Desde o anúncio, todo o caminho trilhado por Star Wars: Battlefront II até o lançamento foi pavimentado por altas expectativas.

Um jogo três vezes maior que seu antecessor, a confirmação da tão pedida campanha singleplayer, uma nova história canônica no universo de Star Wars: o trem do hype do game parecia acelerar sem problemas a uma velocidade suficiente para completar a Kessel Run em menos de 12 parsecs.

Não foi surpresa para ninguém, portanto, a magnitude da decepção da comunidade gamer com o lamaçal de microtransações duvidosas e o sistema de loot boxes do jogo – perigosamente próximo do temido modelo de pagar para vencer.

Mesmo após pouco mais uma semana de seu lançamento oficial, no momento da publicação deste review, a situação ainda parece longe de definida – com uma suspensão de microtransações que pode ou não ser definitiva.

E, infelizmente, os problemas de Star Wars: Battlefront II não acabam por aí.

Mesmo atravessando toda a cortina de fumaça levantada pela polêmica das microtransações e loot boxes, o novo título da Electronic Arts e da DICE ainda tropeça em uma série de outros aspectos que deixam um gostinho amargo na boca por tudo que o game poderia ter sido, mas não consegue ser.

Uma colcha de retalhos canônica

Bem antes do lançamento oficial Star Wars: Battlefront II, tive a oportunidade de jogar as três primeiras missões da campanha do jogo no quartel general da EA, em Redwood City, na Califórnia.

Divulgação/EA

Após pouco mais de uma hora e meia, não poderia ter saído mais empolgado da sessão de jogatina: com uma protagonista forte e complexa, a história da comandante do Esquadrão Inferno, Iden Versio (Janina Gavankar), prometia explorar o Império Galáctico de dentro para fora, oferecendo novos pontos de vista raramente explorados no universo de Star Wars. Eu estava ansioso para acompanhar o desfecho desse conto.
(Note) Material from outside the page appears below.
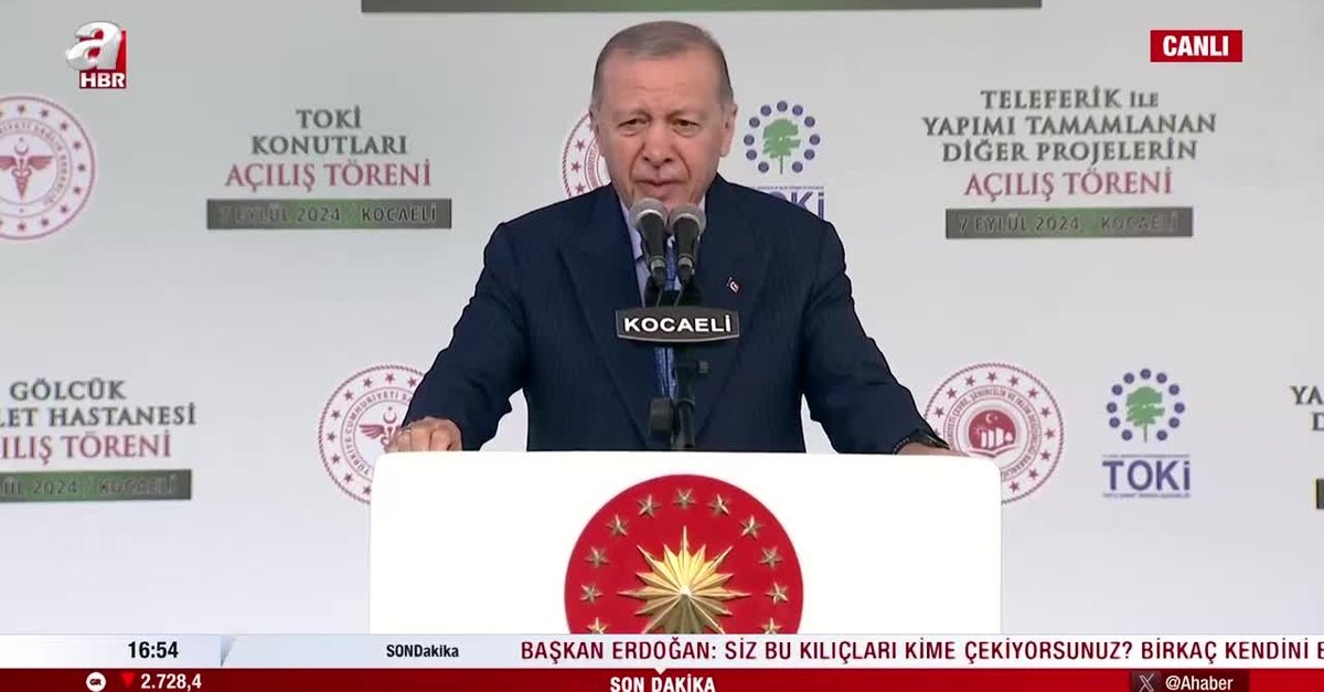 Başkan Recep Tayyip Erdoğan Kocaeli'nin Gölcük ilçesinde düzenlenen açılış töreninde önemli açıklamalarda bulundu. Başkan Erdoğan Gebze-Darıca sahil metro hattı için çalışmaların hızlandığını ifade ederken "Bu hattı da 2025 yılı sonunda hizmete açmayı planlıyoruz." ifadelerini kullandı. Lafla çevrecilik yapmadıklarını belirten Başkan Erdoğan "Haliç'i temizlediğimiz gibi inşallah İzmit Körfezi'ni de pırıl pırıl yapacağız." dedi.

Com o jogo completo na mão, no entanto, o resultado final parece ser uma campanha linear mais preocupada em atender a todos os anseios de fãs da franquia do que dar sequência à narrativa tão bem introduzida no princípio.

A partir do quarto episódio da história, as missões se tornam uma sequência constante de rodadas alternadas entre a história de Iden e partidas com outros personagens clássicos de Star Wars.

Fugir de stormtroopers com Han Solo, defender Theed com Leia e pilotar a Millenium Falcon por aí são momentos divertidos, mas acabam se tornando meio desconexos e, por vezes, jogados no meio da trama como um velho – e não tão bom – caso de fan service.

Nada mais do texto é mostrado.